[Data section Boundary: Start]

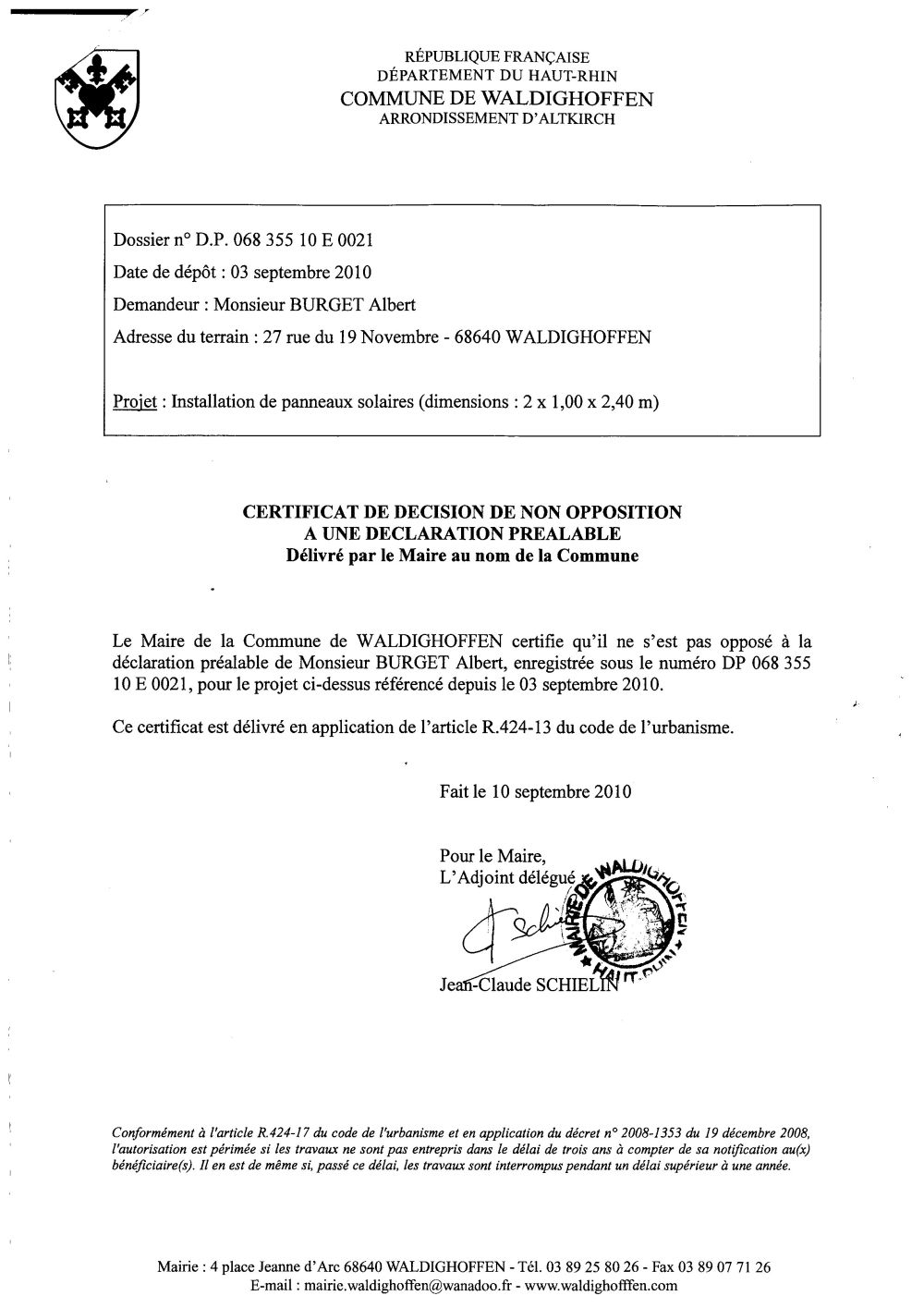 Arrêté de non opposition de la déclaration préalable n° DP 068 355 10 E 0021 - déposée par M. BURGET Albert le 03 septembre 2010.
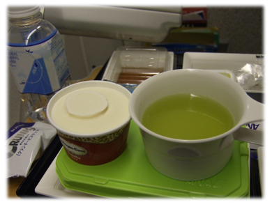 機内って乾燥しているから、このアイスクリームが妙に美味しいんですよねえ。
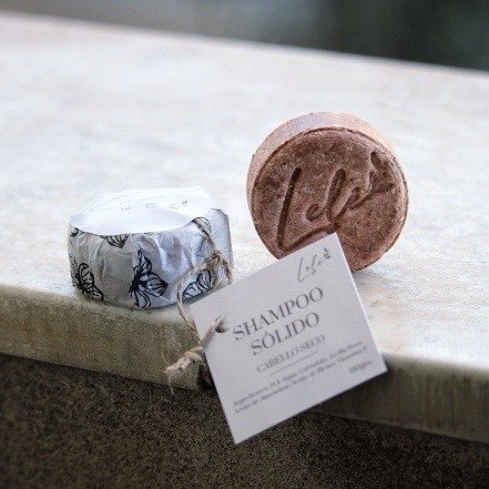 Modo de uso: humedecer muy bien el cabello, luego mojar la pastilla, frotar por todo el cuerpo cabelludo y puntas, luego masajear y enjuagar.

[Data section Boundary: End]

Task:
Your answer must be the full listing, word for word, minus any images.

Result for this task:
 Arrêté de non opposition de la déclaration préalable n° DP 068 355 10 E 0021 - déposée par M. BURGET Albert le 03 septembre 2010.
 機内って乾燥しているから、このアイスクリームが妙に美味しいんですよねえ。
 Modo de uso: humedecer muy bien el cabello, luego mojar la pastilla, frotar por todo el cuerpo cabelludo y puntas, luego masajear y enjuagar.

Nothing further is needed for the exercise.